***** Data provided *****

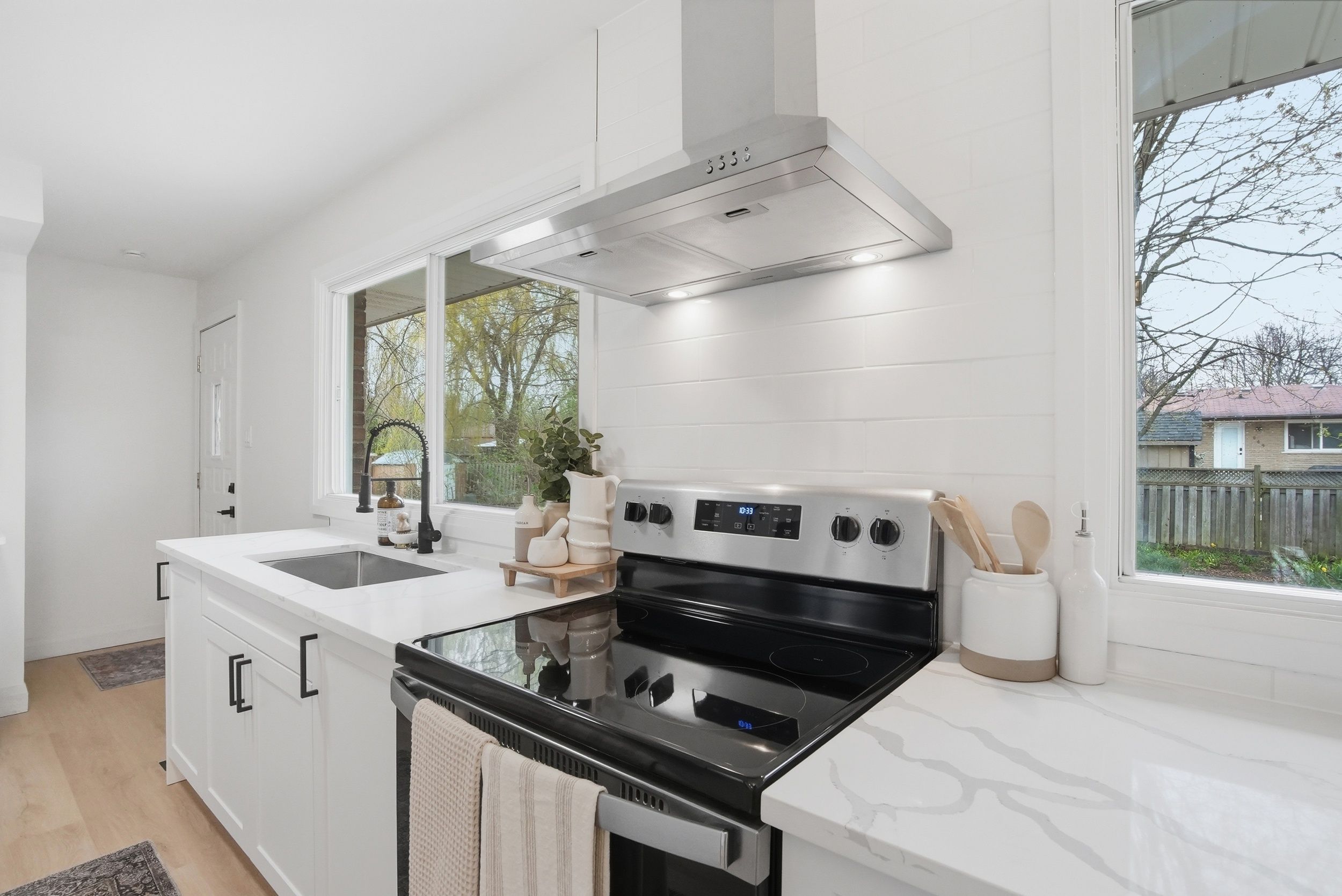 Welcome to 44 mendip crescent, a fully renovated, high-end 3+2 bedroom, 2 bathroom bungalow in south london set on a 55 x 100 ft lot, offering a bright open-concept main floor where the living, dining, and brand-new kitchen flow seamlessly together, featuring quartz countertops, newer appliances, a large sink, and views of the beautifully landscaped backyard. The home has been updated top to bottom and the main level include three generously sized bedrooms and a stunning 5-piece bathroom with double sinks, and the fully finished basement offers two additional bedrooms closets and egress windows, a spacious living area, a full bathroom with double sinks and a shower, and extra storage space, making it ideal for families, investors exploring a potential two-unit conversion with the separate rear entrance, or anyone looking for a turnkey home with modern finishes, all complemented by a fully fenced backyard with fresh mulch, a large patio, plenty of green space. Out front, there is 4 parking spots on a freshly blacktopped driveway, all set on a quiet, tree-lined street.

*****
***** Data provided *****

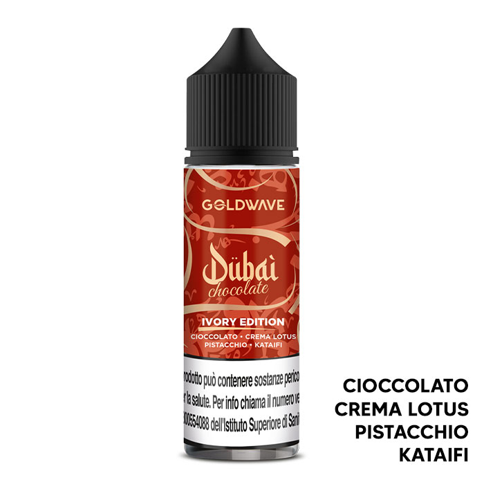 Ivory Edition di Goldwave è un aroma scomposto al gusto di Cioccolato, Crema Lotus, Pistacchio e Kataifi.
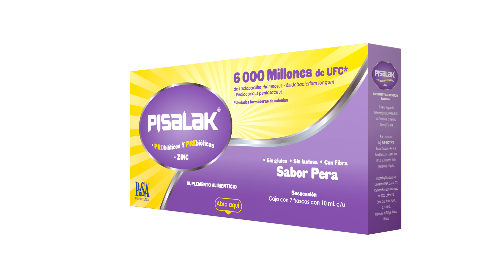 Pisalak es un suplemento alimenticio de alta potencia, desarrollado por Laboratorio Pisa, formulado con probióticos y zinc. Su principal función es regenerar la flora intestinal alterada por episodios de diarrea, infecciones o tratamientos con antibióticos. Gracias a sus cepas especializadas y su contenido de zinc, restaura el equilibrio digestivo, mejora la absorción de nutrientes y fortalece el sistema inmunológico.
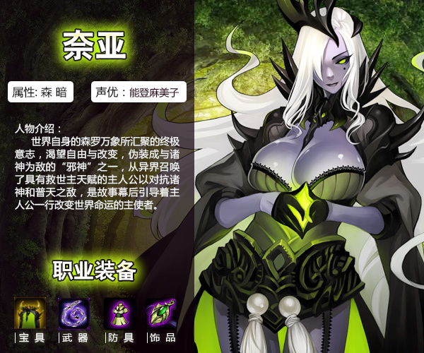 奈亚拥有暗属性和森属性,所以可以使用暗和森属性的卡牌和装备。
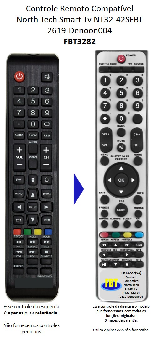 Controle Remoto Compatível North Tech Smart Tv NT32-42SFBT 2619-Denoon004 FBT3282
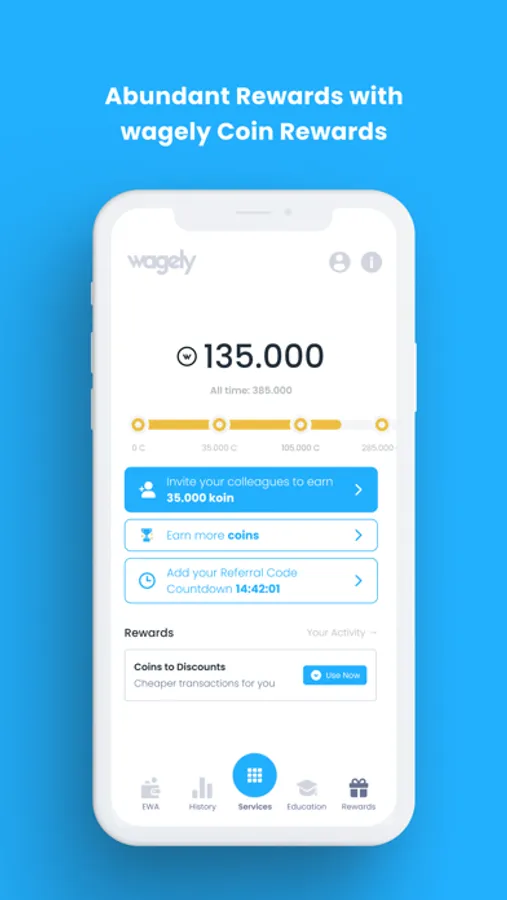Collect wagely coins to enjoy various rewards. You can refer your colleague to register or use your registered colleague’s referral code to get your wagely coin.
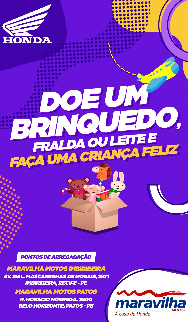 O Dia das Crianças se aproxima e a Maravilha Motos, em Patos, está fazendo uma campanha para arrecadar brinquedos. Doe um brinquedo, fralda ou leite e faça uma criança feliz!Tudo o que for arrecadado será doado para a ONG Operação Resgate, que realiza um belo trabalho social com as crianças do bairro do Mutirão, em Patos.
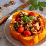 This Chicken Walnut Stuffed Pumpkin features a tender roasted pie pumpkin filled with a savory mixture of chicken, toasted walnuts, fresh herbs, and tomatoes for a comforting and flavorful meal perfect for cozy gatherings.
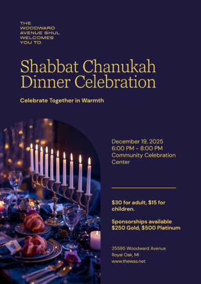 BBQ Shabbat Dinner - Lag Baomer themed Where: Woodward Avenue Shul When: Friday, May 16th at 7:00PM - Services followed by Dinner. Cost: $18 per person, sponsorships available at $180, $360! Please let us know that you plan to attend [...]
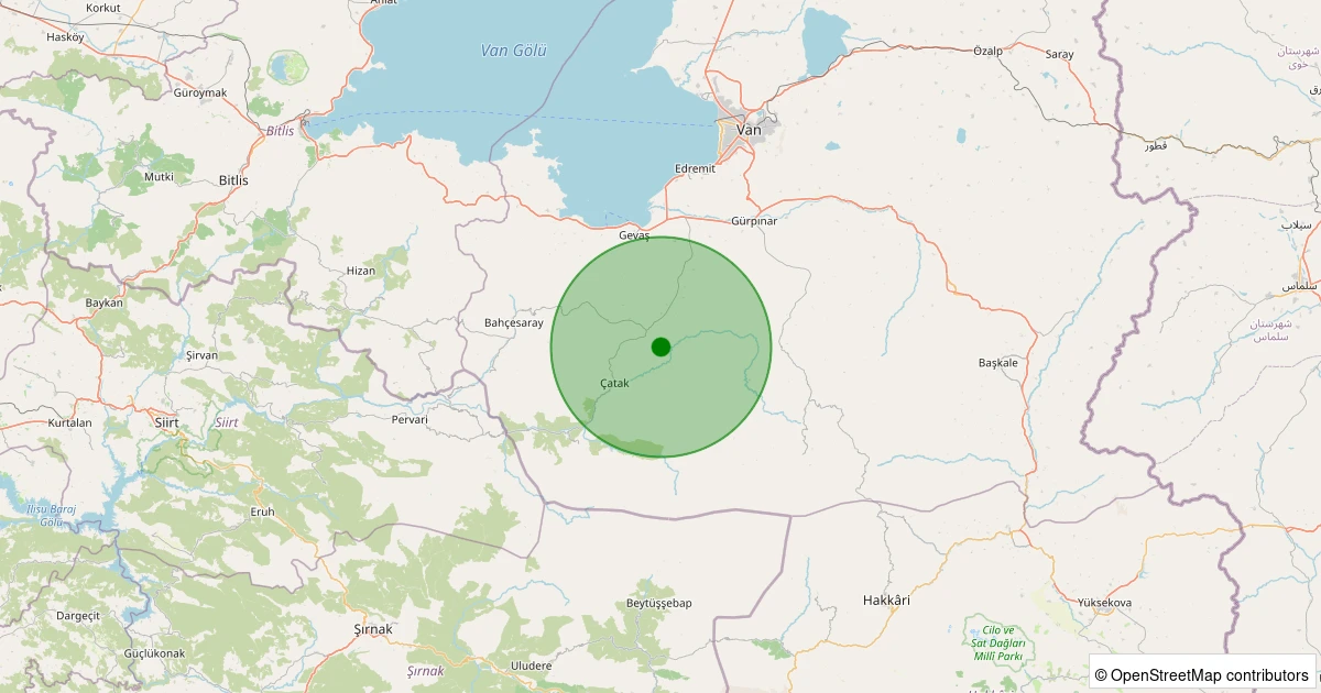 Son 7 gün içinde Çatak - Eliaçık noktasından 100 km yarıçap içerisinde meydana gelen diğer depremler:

*****

Problem requirements: Repeat, word for word, the lines of the material above from the one holding "Controle Remoto Compatível" through the one holding "Son 7 gün içinde". Leave out pictures.

Expected output:
 Controle Remoto Compatível North Tech Smart Tv NT32-42SFBT 2619-Denoon004 FBT3282
Collect wagely coins to enjoy various rewards. You can refer your colleague to register or use your registered colleague’s referral code to get your wagely coin.
 O Dia das Crianças se aproxima e a Maravilha Motos, em Patos, está fazendo uma campanha para arrecadar brinquedos. Doe um brinquedo, fralda ou leite e faça uma criança feliz!Tudo o que for arrecadado será doado para a ONG Operação Resgate, que realiza um belo trabalho social com as crianças do bairro do Mutirão, em Patos.
 This Chicken Walnut Stuffed Pumpkin features a tender roasted pie pumpkin filled with a savory mixture of chicken, toasted walnuts, fresh herbs, and tomatoes for a comforting and flavorful meal perfect for cozy gatherings.
 BBQ Shabbat Dinner - Lag Baomer themed Where: Woodward Avenue Shul When: Friday, May 16th at 7:00PM - Services followed by Dinner. Cost: $18 per person, sponsorships available at $180, $360! Please let us know that you plan to attend [...]
 Son 7 gün içinde Çatak - Eliaçık noktasından 100 km yarıçap içerisinde meydana gelen diğer depremler:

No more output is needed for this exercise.